The instrument for a privacy impact assessment (PIA) or data protection impact assessment (DPIA) was introduced with the EU data protection basic regulation (Art. 35 of the GDPR). This has to do with the obligation of persons responsible to conduct an impact assessment and to document it before starting planned data processing. One can bundle the assessment for several processing procedures.

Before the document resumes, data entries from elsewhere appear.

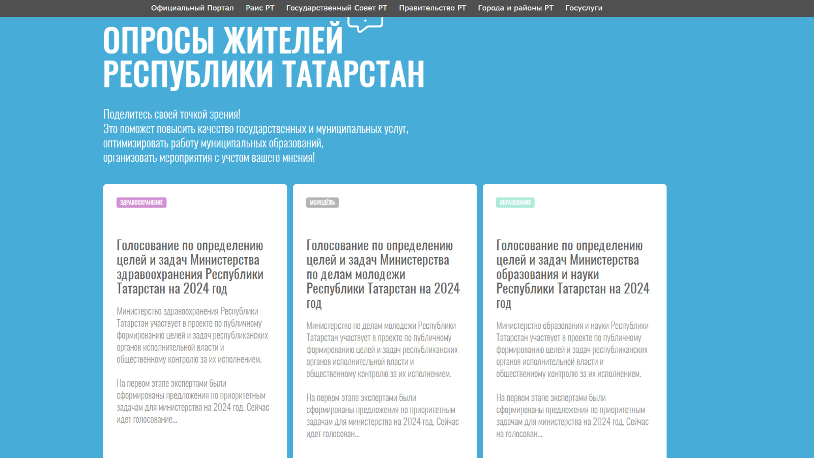 Продолжается голосование по определению публичных целей и задач Министерства здравоохранения Республики Татарстан на 2024 год на сервисе «Опросы жителей» портала Госуслуг РТ https://open.tatarstan.ru/polls/.
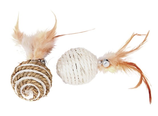 EKO piłki z piórkami dla kota zostały stworzone z sizalu i trawy morskiej. Dla większego pobudzenia do zabawy Twojego kota, piłki posiadają dzwoneczek przyczepiony przy ogonkach z piórek.
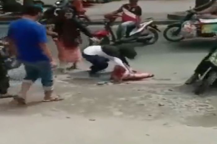 Ibu-ibu tersebut langsung memukul perempuan yang diboncengi pria tersebut hingga jatuh dari motor.

Basically, a data protection impact assessment must always be conducted when the processing could result in a high risk to the rights and freedoms of natural persons. In addition, it must be performed if one of the rule examples set forth in Art. 35 (3) of the GDPR is relevant. The supervisory authorities should specify the formulation adhered to for the basic implementation obligation. In a first draft, the Article 29 Working Party created ten criteria which form an index for high risk to the rights and freedoms of a natural person, such as scoring/profiling, automatic decisions, which lead to legal consequences for those impacted, systematic monitoring, processing of special personal data, data which is processed in a large scope, the putting together or combining of data which was gathered by various processes, data about incapacitated people, or those with limited ability to act, use of newer technologies or biometric procedures, data transfer to countries outside the EU/EEC, and data processing which hinders those involved in exercising their rights. A privacy impact assessment is not necessary if a processing procedure fulfil only one of these criteria. If several criteria are met, however, the risk to those involved is higher, and a data protection impact assessment is absolutely required. If there is doubt, and it is difficult to find the limits, a DPIA must always be conducted. This must be repeated at least every three years.
In addition, authorities must be given a list in their area of responsibility and be published, and the procedural operations must be displayed in which a privacy impact assessment must be performed. They are also free to publish procedural operations must be published that do not specifically require publication. If a company has appointed a Data Protection Officer, his advice must be used when conducting the DPIA. How and by what criteria the impacts and risks for those impacted are assessed are open for the most part. The first templates were related to the inspection schemes of ISO standards or standard data protection models.